Participants include banks (including central banks), securities brokers and
dealers and other professional financial intermediaries and may include the
Underwriter. Indirect access to the Euroclear system is also available to
other firms that clear through or maintain a custodial relationship with a
Euroclear Participant, either directly or indirectly.
 
  The Euroclear Operator is the Belgian branch of a New York banking
corporation which is a member bank of the Federal Reserve System. As such, it
is regulated and examined by the Board of Governors of the Federal Reserve
System and the New York State Banking Department, as well as the Belgian
Banking Commission.
 
  Securities clearance accounts and cash accounts with the Euroclear Operator
are governed by the Terms and Conditions Governing Use of Euroclear and the
related Operating Procedures of the Euroclear System and applicable Belgian
law (collectively, the "Terms and Conditions"). The Terms and Conditions
govern transfers of securities and cash within the Euroclear System,
withdrawal of securities and cash from the Euroclear System, and receipts of
payments with respect to securities in the Euroclear system. All securities in
the Euroclear System
 
                                      32
<PAGE>
 
are held on a fungible basis without attribution of specific certificates to
specific securities clearance accounts. The Euroclear Operator acts under the
Terms and Conditions only on behalf of Euroclear Participants and has no
record of or relationship with persons holding through Euroclear Participants.
 
  Distributions with respect to Certificates held through Cedel or Euroclear
will be credited to the cash accounts of Cedel Participants or Euroclear
Participants in accordance with the relevant system's rules and procedures, to
the extent received by its Depositary. Such distributions will be subject to
tax reporting in accordance with relevant United States tax laws and
regulations. Cedel or the Euroclear Operator, as the case may be, will take
any other action permitted to be taken by a Certificateholder under the
Agreement on behalf of a Cedel participant or Euroclear Participant only in
accordance with its relevant rules and procedures and subject to its
Depositary's ability to effect such actions on its behalf through DTC.
 
  Although DTC, Cedel and Euroclear have agreed to the foregoing procedures in
order to facilitate transfers of Certificates among participants of DTC, Cedel
and Euroclear, they are under no obligation to perform or continue to perform
such procedures and such procedures may be discontinued at any time.
 
DEFINITIVE CERTIFICATES
 
  The Certificates will be issued in fully registered, certificated form to
Certificate Owners or their nominees ("Definitive Certificates"), rather than
to DTC or its nominee, only if (i) JCPR advises the Trustee in writing that
DTC is no longer willing or able properly to discharge its responsibilities as
depository with respect to the Certificates and the Trustee or JCPR is unable
to locate a qualified successor, (ii) JCPR, at its option, elects to terminate
the book-entry system through DTC with respect to the Certificates or (iii)

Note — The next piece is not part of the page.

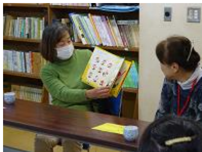
【読み聞かせを終えての振り返り2】

after the occurrence of a Servicer Default, Certificate Owners representing in
the aggregate not less than 50% of the Investor Amount advise the Trustee and
DTC through Participants in writing that the continuation of a book-entry
system through DTC (or a successor thereto) is no longer in the best interest
of the Certificate Owners.
 
  Upon the occurrence of any one of the events described in the immediately
preceding paragraph, the Trustee is required to notify all Participants of the
availability through DTC of Definitive Certificates. Upon surrender by DTC of
the Definitive Certificate representing the Certificates and receipt of
instructions for re-registration, the Trustee will issue the Certificates as
Definitive Certificates, and thereafter the Trustee will recognize the holders
of such Definitive Certificates as holders under the Pooling and Servicing
Agreement ("Holders").
 
  Distribution of principal and interest on the Certificates will be made by
the Trustee directly to Holders of Definitive Certificates in accordance with
the procedures set forth herein and in the Pooling and Servicing Agreement.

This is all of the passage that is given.